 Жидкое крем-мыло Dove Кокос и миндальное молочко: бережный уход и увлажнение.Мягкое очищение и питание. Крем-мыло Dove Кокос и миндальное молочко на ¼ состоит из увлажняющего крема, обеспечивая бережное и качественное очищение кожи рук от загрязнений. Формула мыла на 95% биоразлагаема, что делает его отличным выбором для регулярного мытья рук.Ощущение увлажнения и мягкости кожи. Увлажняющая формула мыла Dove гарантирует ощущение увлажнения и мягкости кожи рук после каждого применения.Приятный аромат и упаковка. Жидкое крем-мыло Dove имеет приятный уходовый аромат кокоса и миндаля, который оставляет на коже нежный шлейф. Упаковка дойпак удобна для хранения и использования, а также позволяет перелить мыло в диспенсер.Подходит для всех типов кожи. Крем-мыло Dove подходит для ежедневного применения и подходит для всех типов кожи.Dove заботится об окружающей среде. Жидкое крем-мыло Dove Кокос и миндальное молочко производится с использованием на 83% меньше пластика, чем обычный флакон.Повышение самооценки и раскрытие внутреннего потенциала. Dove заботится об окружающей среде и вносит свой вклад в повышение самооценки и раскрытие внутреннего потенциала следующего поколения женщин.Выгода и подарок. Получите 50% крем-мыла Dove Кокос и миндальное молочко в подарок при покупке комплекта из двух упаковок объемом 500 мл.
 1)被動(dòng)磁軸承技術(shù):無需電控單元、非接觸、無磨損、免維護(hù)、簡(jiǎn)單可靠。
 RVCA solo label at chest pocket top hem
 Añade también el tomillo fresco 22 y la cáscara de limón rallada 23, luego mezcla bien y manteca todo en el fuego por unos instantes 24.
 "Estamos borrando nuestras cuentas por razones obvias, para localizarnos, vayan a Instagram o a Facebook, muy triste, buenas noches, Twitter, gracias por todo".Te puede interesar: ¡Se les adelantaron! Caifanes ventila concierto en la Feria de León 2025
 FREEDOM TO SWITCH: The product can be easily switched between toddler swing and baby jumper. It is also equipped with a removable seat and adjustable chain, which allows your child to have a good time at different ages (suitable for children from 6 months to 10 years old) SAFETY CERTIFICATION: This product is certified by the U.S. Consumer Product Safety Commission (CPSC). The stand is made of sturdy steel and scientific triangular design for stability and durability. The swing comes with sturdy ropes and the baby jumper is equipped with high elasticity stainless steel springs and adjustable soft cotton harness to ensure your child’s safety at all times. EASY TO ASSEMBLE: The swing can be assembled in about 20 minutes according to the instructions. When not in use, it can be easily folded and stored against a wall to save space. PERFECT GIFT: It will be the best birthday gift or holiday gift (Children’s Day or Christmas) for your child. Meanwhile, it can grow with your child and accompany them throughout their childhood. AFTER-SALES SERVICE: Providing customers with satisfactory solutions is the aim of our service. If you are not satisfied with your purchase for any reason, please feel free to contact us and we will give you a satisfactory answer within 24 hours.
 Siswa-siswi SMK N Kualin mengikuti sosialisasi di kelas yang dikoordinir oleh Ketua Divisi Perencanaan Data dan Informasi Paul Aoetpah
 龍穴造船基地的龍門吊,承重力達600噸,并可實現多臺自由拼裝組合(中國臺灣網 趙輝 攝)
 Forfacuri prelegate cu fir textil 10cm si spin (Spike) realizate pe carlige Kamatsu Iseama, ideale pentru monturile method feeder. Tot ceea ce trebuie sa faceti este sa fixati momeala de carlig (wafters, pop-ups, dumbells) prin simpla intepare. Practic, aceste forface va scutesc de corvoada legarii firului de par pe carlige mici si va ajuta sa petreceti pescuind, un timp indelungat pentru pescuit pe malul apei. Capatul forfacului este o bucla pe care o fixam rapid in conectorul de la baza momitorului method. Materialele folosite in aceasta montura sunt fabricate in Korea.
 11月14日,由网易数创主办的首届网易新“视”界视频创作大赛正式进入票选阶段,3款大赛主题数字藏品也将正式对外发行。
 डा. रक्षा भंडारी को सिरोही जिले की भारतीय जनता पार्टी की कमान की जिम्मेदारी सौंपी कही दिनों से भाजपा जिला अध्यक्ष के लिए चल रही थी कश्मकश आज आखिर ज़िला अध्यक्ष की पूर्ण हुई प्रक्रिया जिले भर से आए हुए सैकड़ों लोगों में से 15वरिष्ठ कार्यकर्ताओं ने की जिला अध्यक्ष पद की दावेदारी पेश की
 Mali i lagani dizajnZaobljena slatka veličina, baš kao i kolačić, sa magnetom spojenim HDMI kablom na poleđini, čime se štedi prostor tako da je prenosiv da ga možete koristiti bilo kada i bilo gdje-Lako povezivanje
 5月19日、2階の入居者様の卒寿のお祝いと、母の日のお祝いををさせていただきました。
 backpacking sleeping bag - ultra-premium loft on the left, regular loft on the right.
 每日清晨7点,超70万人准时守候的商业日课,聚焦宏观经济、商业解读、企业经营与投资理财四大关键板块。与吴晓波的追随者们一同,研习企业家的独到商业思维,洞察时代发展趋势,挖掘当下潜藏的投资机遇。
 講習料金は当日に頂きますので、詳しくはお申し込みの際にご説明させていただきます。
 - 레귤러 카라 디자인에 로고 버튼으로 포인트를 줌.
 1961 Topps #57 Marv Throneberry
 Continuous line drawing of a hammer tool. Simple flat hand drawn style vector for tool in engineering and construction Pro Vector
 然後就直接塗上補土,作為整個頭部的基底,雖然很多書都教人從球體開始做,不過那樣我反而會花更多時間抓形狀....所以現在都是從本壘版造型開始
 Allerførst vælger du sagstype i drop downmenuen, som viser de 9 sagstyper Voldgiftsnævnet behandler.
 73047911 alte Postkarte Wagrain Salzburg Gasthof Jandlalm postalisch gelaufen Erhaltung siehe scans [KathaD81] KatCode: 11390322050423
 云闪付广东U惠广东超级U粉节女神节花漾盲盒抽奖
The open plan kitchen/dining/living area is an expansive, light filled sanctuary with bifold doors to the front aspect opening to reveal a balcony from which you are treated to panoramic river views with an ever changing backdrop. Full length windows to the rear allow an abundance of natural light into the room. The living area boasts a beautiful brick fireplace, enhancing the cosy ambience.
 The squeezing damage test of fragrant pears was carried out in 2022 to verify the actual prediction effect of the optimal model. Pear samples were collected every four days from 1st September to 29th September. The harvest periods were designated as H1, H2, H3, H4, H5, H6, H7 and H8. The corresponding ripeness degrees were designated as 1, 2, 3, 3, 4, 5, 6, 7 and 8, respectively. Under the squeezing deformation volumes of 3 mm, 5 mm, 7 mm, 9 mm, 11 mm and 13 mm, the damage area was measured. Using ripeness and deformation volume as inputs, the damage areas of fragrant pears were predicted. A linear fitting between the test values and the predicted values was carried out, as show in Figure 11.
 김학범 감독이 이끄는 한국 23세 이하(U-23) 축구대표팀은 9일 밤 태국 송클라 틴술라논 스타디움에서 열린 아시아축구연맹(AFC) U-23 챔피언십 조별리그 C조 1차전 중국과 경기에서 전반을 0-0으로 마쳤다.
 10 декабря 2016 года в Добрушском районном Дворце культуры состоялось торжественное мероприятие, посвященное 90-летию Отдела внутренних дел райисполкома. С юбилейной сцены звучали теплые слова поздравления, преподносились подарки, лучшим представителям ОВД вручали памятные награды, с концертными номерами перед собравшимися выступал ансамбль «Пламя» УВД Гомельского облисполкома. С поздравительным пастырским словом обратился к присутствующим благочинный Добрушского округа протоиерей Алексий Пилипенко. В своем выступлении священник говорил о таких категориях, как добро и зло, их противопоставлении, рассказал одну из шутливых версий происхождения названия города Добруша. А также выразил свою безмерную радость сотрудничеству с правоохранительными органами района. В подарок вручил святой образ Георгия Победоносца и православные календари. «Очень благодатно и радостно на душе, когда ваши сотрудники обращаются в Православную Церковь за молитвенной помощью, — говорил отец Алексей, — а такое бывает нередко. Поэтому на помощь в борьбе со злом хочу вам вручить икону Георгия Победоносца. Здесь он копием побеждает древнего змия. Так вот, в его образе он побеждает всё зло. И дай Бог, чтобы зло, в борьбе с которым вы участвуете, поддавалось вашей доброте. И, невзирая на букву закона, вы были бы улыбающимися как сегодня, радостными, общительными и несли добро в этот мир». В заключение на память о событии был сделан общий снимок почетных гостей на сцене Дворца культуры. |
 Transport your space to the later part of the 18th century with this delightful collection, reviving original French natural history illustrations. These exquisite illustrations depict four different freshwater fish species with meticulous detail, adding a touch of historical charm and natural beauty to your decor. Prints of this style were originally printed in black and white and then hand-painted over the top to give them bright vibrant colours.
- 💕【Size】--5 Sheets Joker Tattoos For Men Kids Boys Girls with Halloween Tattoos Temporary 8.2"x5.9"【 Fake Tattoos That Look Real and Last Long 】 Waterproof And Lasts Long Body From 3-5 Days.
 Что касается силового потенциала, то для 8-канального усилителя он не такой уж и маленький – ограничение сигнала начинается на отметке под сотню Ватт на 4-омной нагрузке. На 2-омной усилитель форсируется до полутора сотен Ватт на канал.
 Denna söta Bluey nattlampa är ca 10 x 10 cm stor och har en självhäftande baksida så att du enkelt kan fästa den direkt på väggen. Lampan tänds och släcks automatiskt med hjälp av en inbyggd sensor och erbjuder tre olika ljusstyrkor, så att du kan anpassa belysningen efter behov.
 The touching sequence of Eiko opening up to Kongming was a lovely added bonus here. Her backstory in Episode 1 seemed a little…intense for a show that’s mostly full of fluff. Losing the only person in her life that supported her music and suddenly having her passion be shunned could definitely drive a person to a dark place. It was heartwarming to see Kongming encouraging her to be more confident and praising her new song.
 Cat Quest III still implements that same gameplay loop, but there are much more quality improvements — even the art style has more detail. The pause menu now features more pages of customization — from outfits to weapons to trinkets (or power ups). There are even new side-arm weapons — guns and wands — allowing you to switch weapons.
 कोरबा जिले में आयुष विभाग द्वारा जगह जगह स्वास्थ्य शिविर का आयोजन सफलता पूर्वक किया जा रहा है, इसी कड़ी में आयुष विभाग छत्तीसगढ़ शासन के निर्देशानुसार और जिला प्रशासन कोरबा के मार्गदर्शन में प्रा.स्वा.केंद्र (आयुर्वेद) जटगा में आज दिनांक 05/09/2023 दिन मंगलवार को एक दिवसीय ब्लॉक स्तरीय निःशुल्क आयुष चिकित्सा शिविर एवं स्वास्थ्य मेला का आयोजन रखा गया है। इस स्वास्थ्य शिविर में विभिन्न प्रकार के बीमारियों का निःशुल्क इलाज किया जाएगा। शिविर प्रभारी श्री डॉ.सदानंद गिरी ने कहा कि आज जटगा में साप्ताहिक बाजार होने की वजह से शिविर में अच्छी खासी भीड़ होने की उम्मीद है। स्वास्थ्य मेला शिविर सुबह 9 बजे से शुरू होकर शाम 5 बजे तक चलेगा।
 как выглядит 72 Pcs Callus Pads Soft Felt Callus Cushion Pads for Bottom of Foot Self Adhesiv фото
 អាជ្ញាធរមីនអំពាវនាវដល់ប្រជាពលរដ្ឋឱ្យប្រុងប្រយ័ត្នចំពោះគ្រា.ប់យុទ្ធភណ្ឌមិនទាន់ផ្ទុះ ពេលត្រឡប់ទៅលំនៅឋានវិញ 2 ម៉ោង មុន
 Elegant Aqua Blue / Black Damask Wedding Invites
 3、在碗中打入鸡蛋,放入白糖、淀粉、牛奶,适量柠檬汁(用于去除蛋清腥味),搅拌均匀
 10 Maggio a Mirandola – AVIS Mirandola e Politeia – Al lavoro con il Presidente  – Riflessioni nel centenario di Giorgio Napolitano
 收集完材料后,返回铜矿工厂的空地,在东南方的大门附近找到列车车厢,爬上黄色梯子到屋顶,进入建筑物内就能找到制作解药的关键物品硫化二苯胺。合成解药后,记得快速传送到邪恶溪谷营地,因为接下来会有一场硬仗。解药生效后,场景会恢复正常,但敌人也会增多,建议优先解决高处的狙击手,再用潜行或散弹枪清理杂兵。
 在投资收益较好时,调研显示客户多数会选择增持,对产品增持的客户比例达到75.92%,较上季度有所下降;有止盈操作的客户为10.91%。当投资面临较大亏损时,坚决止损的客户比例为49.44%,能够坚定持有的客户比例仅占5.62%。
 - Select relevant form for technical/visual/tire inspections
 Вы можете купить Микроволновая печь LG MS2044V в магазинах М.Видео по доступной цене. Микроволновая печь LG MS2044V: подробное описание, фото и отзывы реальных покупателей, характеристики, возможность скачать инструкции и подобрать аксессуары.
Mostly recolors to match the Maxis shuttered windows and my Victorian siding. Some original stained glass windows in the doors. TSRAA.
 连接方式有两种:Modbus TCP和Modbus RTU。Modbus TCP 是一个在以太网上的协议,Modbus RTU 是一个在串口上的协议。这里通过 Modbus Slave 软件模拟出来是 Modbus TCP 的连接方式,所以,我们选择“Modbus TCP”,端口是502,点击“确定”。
::::::::::
-- Aim of the exercise --
If a line in the material above contains the word "original", copy it.

-- Response --
 Transport your space to the later part of the 18th century with this delightful collection, reviving original French natural history illustrations. These exquisite illustrations depict four different freshwater fish species with meticulous detail, adding a touch of historical charm and natural beauty to your decor. Prints of this style were originally printed in black and white and then hand-painted over the top to give them bright vibrant colours.
Mostly recolors to match the Maxis shuttered windows and my Victorian siding. Some original stained glass windows in the doors. TSRAA.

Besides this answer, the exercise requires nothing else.